Reproduce from the records below, with no pictures, exactly the lines between the one containing "操作也挺简单的,左边是摇杆控" and the one containing "Compatible with Tesla Charger Adapter", inclusive.

***** Given data *****

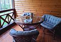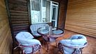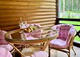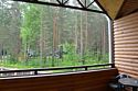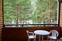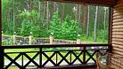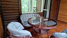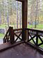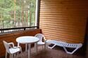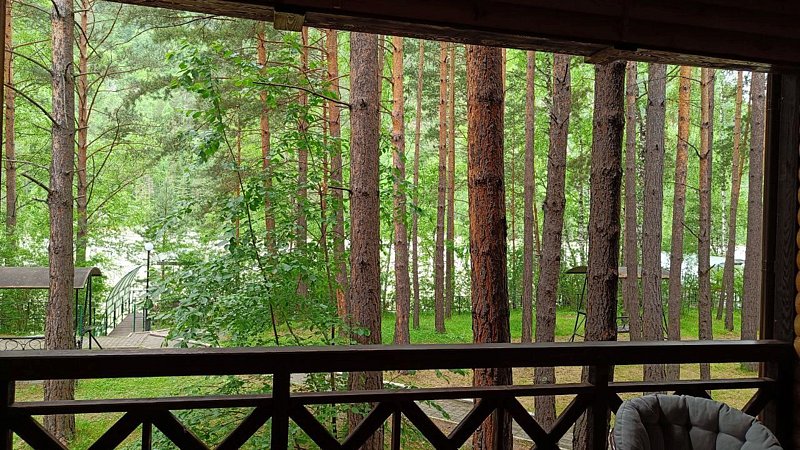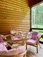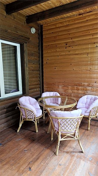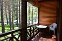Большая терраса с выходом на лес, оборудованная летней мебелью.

*****
***** Given data *****

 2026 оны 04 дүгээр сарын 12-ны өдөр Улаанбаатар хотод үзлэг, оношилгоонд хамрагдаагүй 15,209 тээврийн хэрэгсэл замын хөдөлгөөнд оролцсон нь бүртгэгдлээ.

*****
***** Given data *****

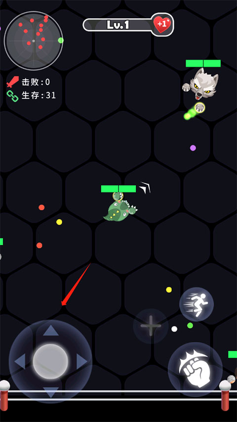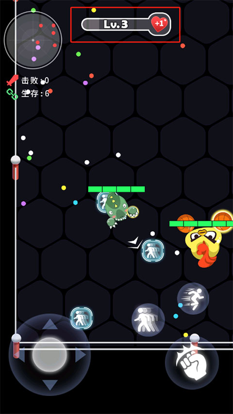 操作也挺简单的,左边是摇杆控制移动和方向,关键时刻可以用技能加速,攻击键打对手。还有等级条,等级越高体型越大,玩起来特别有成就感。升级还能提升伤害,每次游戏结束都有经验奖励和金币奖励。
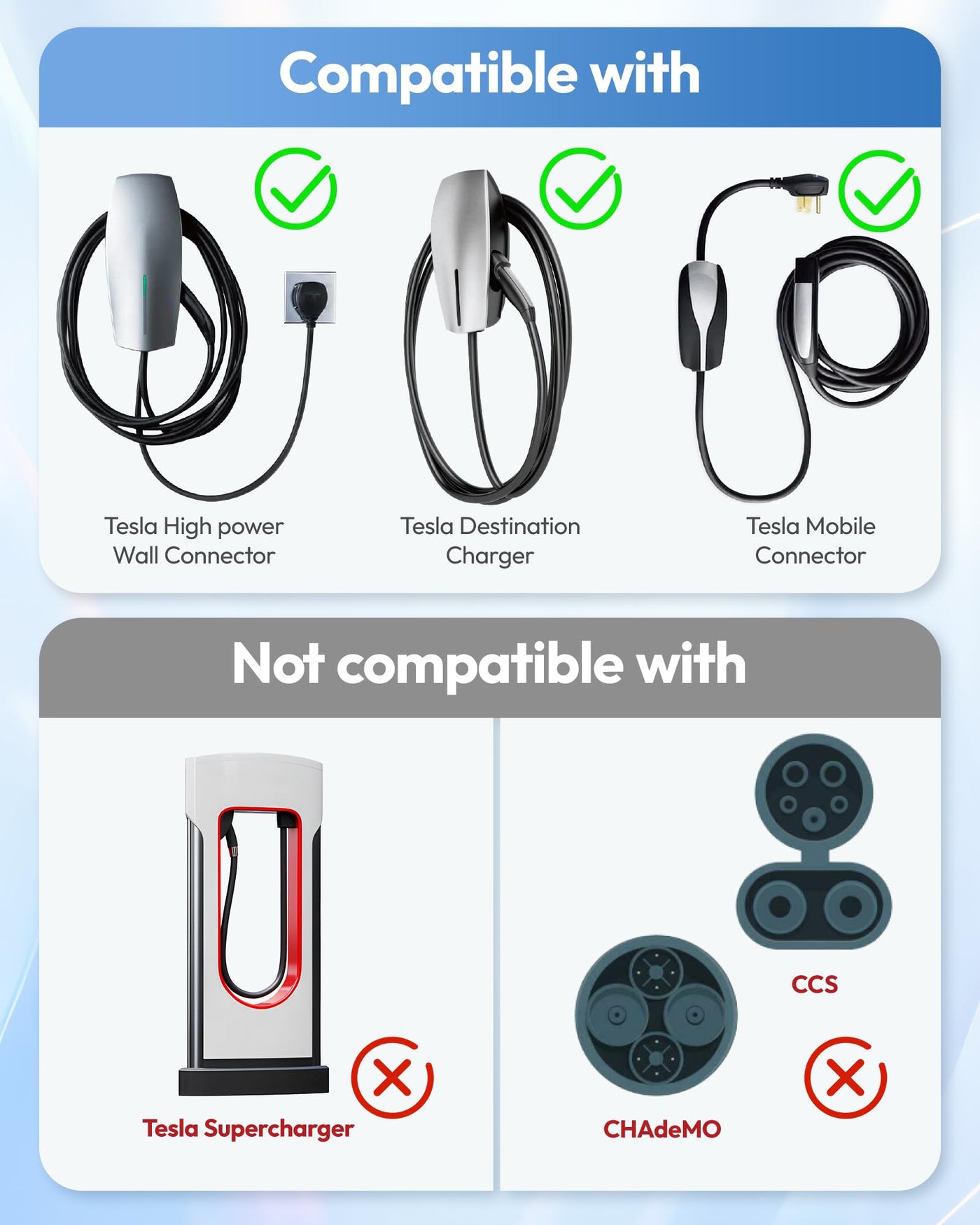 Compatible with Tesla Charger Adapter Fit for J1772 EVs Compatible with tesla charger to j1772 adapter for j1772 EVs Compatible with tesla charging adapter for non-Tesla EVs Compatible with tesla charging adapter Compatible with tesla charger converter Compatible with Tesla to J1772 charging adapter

*****

Problem solution:
 操作也挺简单的,左边是摇杆控制移动和方向,关键时刻可以用技能加速,攻击键打对手。还有等级条,等级越高体型越大,玩起来特别有成就感。升级还能提升伤害,每次游戏结束都有经验奖励和金币奖励。
 Compatible with Tesla Charger Adapter Fit for J1772 EVs Compatible with tesla charger to j1772 adapter for j1772 EVs Compatible with tesla charging adapter for non-Tesla EVs Compatible with tesla charging adapter Compatible with tesla charger converter Compatible with Tesla to J1772 charging adapter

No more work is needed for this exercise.